§ **ACTION ITEM**
Reproduce the lines below exactly, from the one containing "Moderno departamento de" through the one containing "Заместитель руководителя Федерального", both included. Leave out any pictures.

§ **AVAILABLE DATA**
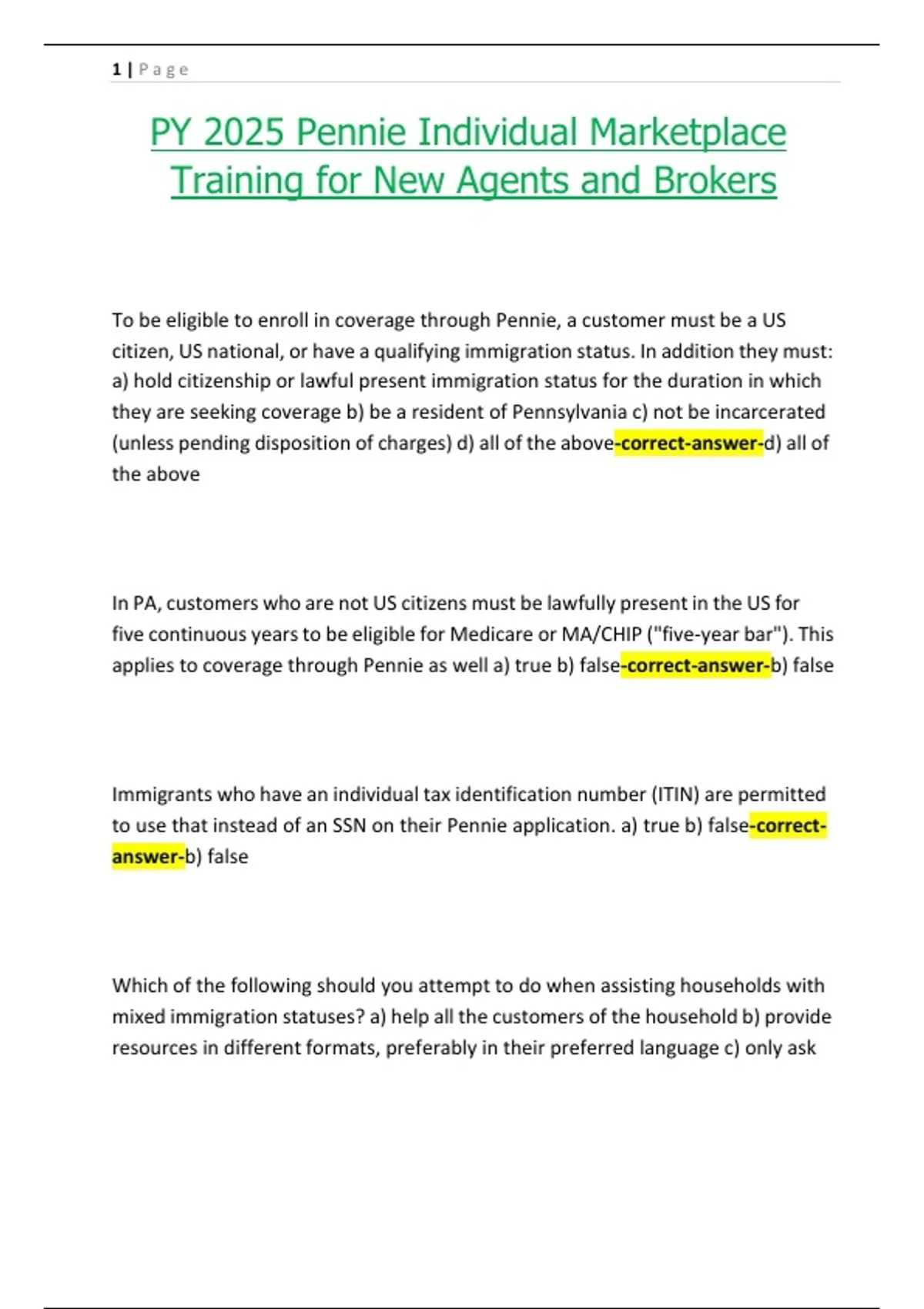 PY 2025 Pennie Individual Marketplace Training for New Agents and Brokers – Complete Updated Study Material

...

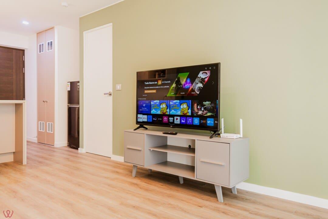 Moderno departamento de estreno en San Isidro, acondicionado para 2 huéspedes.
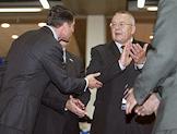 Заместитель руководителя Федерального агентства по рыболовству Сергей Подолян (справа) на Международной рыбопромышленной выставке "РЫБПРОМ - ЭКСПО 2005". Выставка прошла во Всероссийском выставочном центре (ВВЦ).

§ **ANSWER TO THIS EXERCISE**
 Moderno departamento de estreno en San Isidro, acondicionado para 2 huéspedes.
 Заместитель руководителя Федерального агентства по рыболовству Сергей Подолян (справа) на Международной рыбопромышленной выставке "РЫБПРОМ - ЭКСПО 2005". Выставка прошла во Всероссийском выставочном центре (ВВЦ).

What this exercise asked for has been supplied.